Shenanigans In CS Homework

As a computer science undergrad, one of topics of study that stands out in my memory is sorting algorithms. This makes some sense as sorting can be a very costly operation, and it serves as a great McGuffin to introduce asymptotic analysis.

So there we sat: Merge, Quick, Heap, (we do not speak of Bubble) – we analyzed them all. We coded various implementations. And then, we did something interesting. We actually ran heavy loads through our implementations and compared the results.

We would compare our own implementations of – say – Heap and Merge sort to determine under what circumstances one would outperform the other. We also compared across students – who's Quick was quickest?

This was the biggest learning experience for me: the constants make a difference.

As a refresher, asymptotic analysis (sometimes referred to as “Big O” analysis), drops any multiplicative or additive constants. Two algorithms – let's call them FooSort and BarSort – may actually run in O(nlgn + 10000) and O(2nlgn) respectively. However, both treated as running in O(nlgn).

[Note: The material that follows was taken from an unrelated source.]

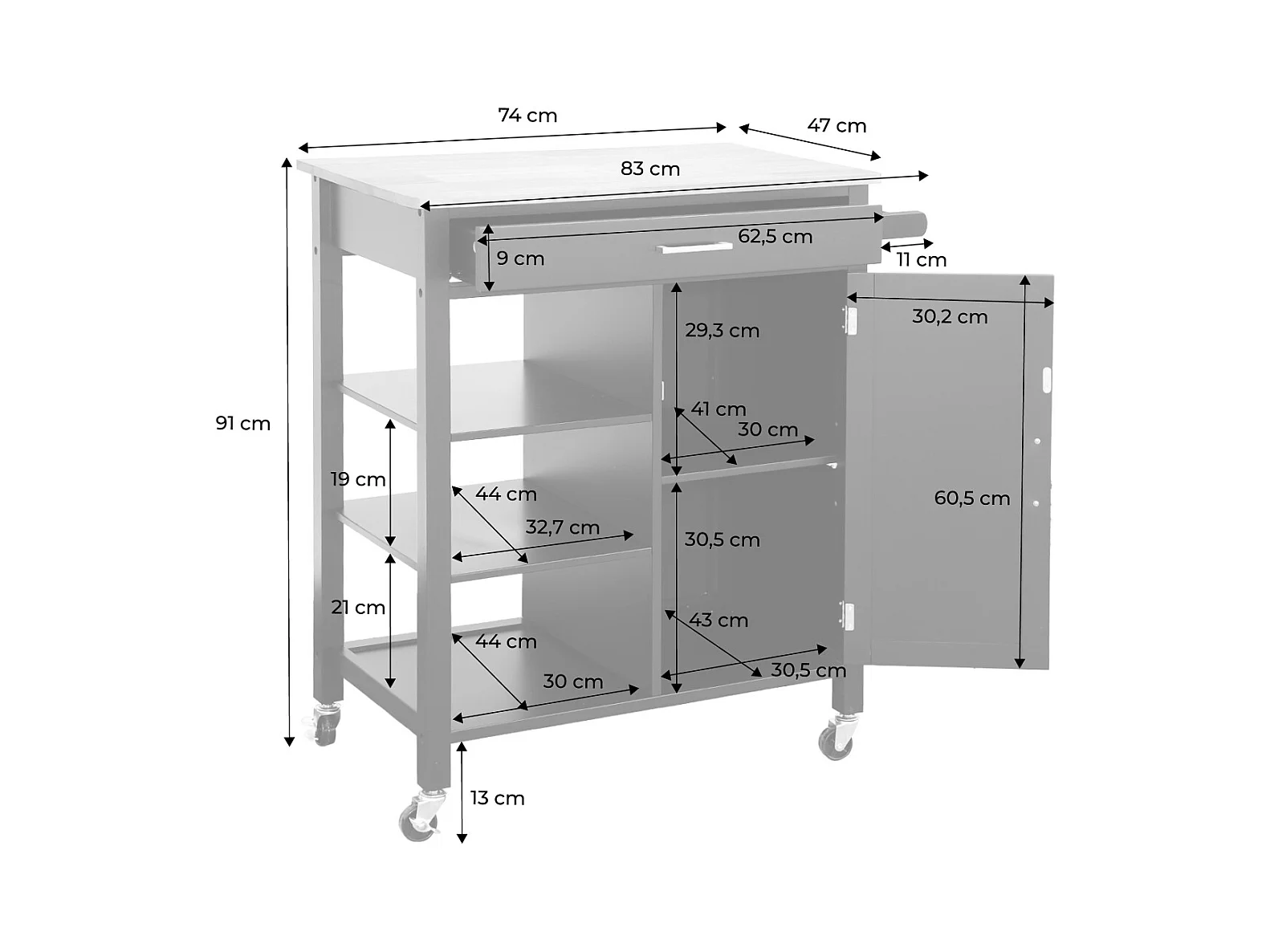 SoBuy Carrello multiuso Scaffale da cucina credenza soggiorno con armadietto e casseto 74x40x85cm FKW125-WN

There are excellent reasons for this (primarily, that the constants tend to represent implementation or environmental details and so aren't really helpful in measuring the pure, Platonic Ideal of a given algorithm). However, the book that goes into all the details is about 4 inches thick and I'm not feeling that wordy. If you're interested, check out Introduction To Algorithms by Cormen et.al.

So this is what I mean about the constants making a difference. Those “implementation details” that the constants represent can be ignored in the strict CS sense. But when you're dealing with real clock cycles, they can make or break your program. Take FooSort and BarSort above. While both are O(nlgn), FooSort is going to be faster than BarSort after a certain break-even point because of those constants. So you, the programmer, have to choose between two options: given your average dataset, which of the algorithms is better? (Here, we're assuming that the Universe of sorting algorithms is {FooSort, BarSort}.)

Actually, you have a third option. Why sort at all?

This may sound like CS heresy, but hear me out and answer the question. If your answer is something like, “I need to find the smallest and largest elements of an array,” or, “I need to find all the blue widgets,” or anything where you're doing a simple scan after sorting, you're probably wasting your time.

Let's take finding the minimum value in an array of integers. Using sorting, the best we can do is O(nlgn) for the sort then O(1) for the access of either the first or last element (depending on how you sorted). All told though, this is O(nlgn) + O(1) = O(nlgn).

Now, let's not sort. Finding the minimum of an unsorted array requires looping through each element and just updating our minimum as we go. This can be done in O(n). O(n) < O(nlgn) => sorting is bad QED.

Okay, okay, joking – but only a little. The real takeaway is this, if you're just trying to get a simple answer from your data, then are throwing the data away (or even just getting a small number of answers from a small dataset), then you're probably better off not bothering to sort. Sorting makes sense when you're going to be doing extensive, repeated analysis of – or operations over – a given dataset and having it in sorted order will speed up those operations. Sorting for the sake of sorting though, is just a great way of generating heat (or coming up with homework, interview, and test questions).

Excercise for the reader: What are some concrete situations where sorting is essential. When does indexing become a better option?